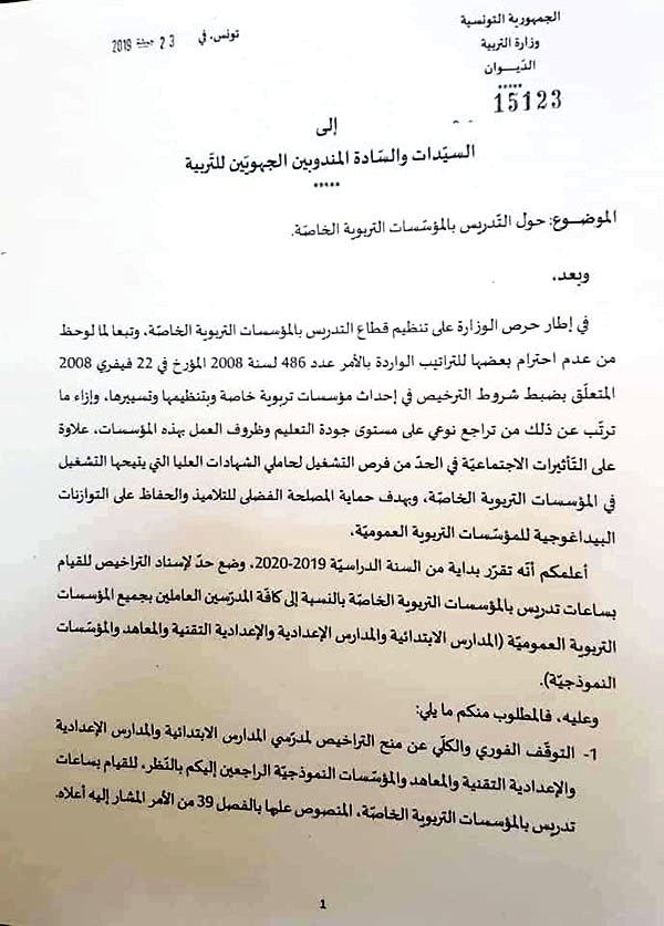 Le ministre de l’éducation Hatem Ben Salem a diffusé, ce lundi, une circulaire, pour annoncer l’interdiction à tout enseignant officiant dans un établissement public, d’assurer des cours dans les établissements d’enseignement privés.
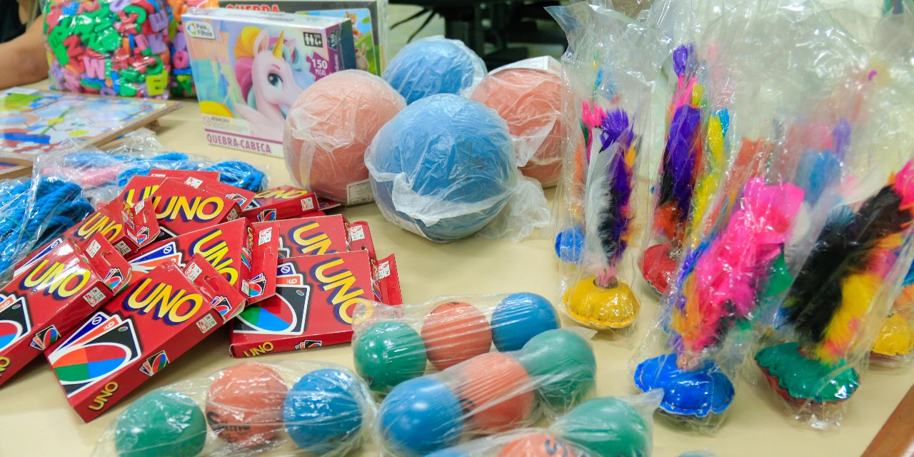 Dentre os materiais adquiridos estão kits psicmotrocidade, quebra-cabeças de 50 e 100 peças, bolas de borracha, jogos de petecas, cordas de nylon, blocos de montar de 500 peças, tatames infantis, letras em EVA, bolas grandes e pisos emborrachados.
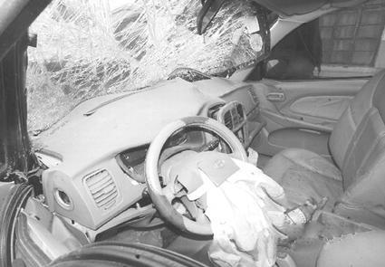 圖為事故汽車的兩個(gè)氣囊只彈出一個(gè)。

_About this task_
Output each line of the listing above, word for word, from the one holding "Dentre os materiais" through the last line, both included; omit the pictures.

_Written response_
 Dentre os materiais adquiridos estão kits psicmotrocidade, quebra-cabeças de 50 e 100 peças, bolas de borracha, jogos de petecas, cordas de nylon, blocos de montar de 500 peças, tatames infantis, letras em EVA, bolas grandes e pisos emborrachados.
 圖為事故汽車的兩個(gè)氣囊只彈出一個(gè)。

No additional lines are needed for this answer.